Mesenteric malperfusion represents one of the most devastating complications of aortic dissection. Intestinal ischaemia may evolve rapidly and can persist even after central aortic repair. Once bowel necrosis and systemic inflammatory response develop, mortality rises dramatically.
Historically, these patients were transferred directly to the operating room for immediate aortic repair. However, operating on a patient with severe metabolic derangement and ongoing visceral ischaemia exposes them to extreme physiological stress. Moreover, central repair does not invariably resolve dynamic compression of the true lumen at the mesenteric level.
The initial reperfusion strategy challenges this traditional sequence by prioritizing restoration of visceral perfusion before definitive aortic surgery. Through endovascular fenestration and/or selective stent implantation, the goal is to re-establish true lumen flow, reverse ischaemia and metabolic deterioration, and stabilize the patient before open surgery under safer physiological conditions. This approach should be reserved for cases in which reperfusion can be achieved promptly and effectively, without delaying life-saving surgery in unstable patients.
Serial computed tomography plays a pivotal role by confirming technical success, documenting changes in true and false lumen dynamics, and demonstrating recovery of visceral perfusion—findings that correlate with clinical evolution.
The authors aimed to determine whether this staged strategy is associated with improved outcomes and to document, using imaging techniques, how reperfusion modifies visceral perfusion and aortic morphology. The study specifically focuses on patients in whom reperfusion was technically feasible and clinically justified.
From a clinical standpoint, metabolic parameters stabilized, abdominal symptoms resolved, and intestinal resection was avoided in a substantial proportion of cases (≈70%). Notably, a high percentage of patients subsequently underwent central aortic repair (≈80%) after a short and controlled period of physiological stabilization.
In cases where surgery was deferred, the interval between mesenteric reperfusion and central aortic repair was limited, with a median time to surgery of 9.1 hours (IQR 1.1–78.2 h), allowing correction of metabolic deterioration without introducing excessive delay.

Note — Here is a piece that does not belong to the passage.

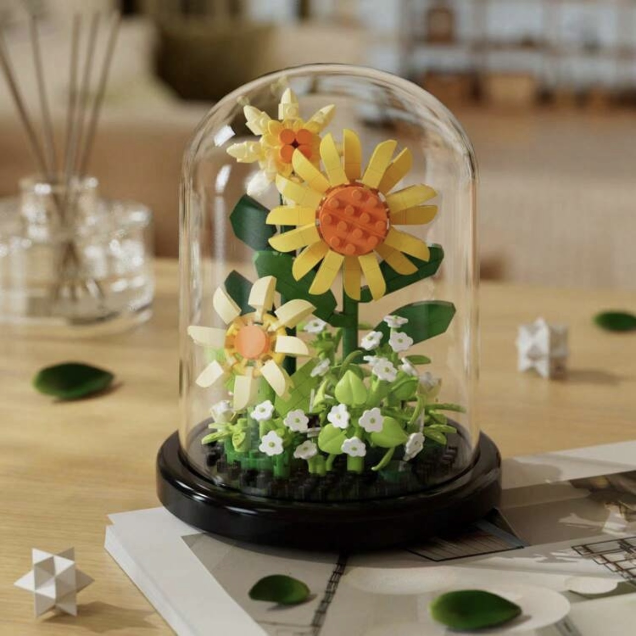 این لگو همراه با راهنمای تصویری عرضه می‌شود که ساخت گل و اتصال محفظه را مرحله به مرحله توضیح می‌دهد. ساخت ممکن است چند ساعت طول بکشد ولی نتیجهٔ آن ارزش دارد؛ وقتی گل کامل شد و داخل محفظه قرار گرفت، جلوه‌ای طبیعی و آرام‌بخش به فضا می‌بخشد. این مدل برای دکور میز تحریر، اتاق خواب، ویترین یا هر فضایی که به جزئیات طبیعی علاقه دارید مناسب است. توصیه می‌شود از نور طبیعی ملایم استفاده شود یا در کنار پنجره‌ای قرار گیرد تا نور طبیعی گل را برجسته کند بدون آنکه رنگ‌ها تحت تأثیر نور مستقیم آفتاب خراب شوند.

Radiological follow-up over a mean period of 2.5 years did not demonstrate accelerated abdominal aortic dilatation in patients managed with an initial reperfusion strategy. On the contrary, serial computed tomographic angiography showed favourable remodelling, characterized by significant true lumen expansion and progressive false lumen reduction in distal segments. These findings suggest that the staged approach was not detrimental and may even exert a stabilizing effect on the distal aorta.
COMMENTARY:
This study addresses a central clinical dilemma in acute aortic pathology: operate first or reperfuse first. Its main contribution lies in demonstrating that restoration of mesenteric perfusion is not merely a technical success, but an intervention capable of substantially altering the patient’s clinical trajectory.

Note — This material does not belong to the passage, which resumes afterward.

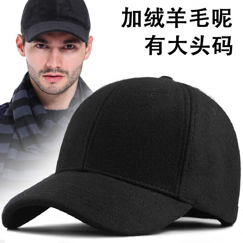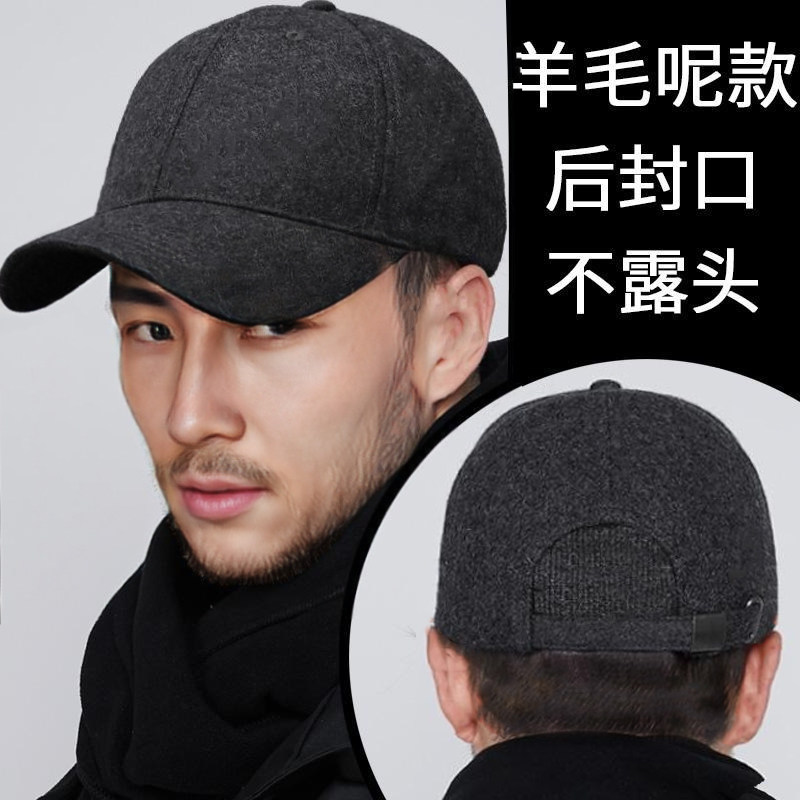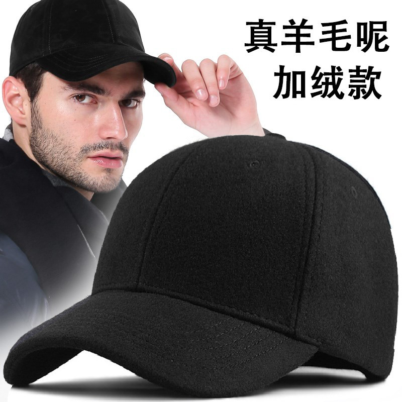 📚 真羊毛呢冬季帽子男2025新款加绒保暖棒球帽大头后闭口光头鸭舌帽

The correlation between radiological findings and clinical recovery reinforces a fundamental principle: in the presence of intestinal ischaemia, visceral perfusion must become an immediate priority. The study further underscores an increasingly accepted reality—acute type A aortic dissections should not all be managed according to a single algorithm.
Prudence remains essential. This strategy requires immediate access to experienced endovascular teams and must never postpone life-saving surgery in haemodynamically unstable patients. In addition, the sample size is limited and selection bias is unavoidable.
Nevertheless, the pathophysiological coherence of the strategy and the radiological evidence provided are compelling. Applied judiciously, the initial reperfusion strategy does not alter the underlying disease, but it may significantly modify its course, enabling patients with an initially ominous prognosis to reach definitive surgery under more favourable conditions.
In acute type A aortic dissection complicated by mesenteric malperfusion, the safest course may sometimes be, quite simply, to go with the flow.
REFERENCE:
Gao X, Ma WG, Liu JW, Yang R, Wang PF, Yuan YQ. Evolution of visceral arteries and distal aorta following reperfusion-first strategy for acute type A aortic dissection with mesenteric malperfusion. Eur J Cardiothorac Surg. 2025;67(12):ezaf409. doi:10.1093/ejcts/ezaf409.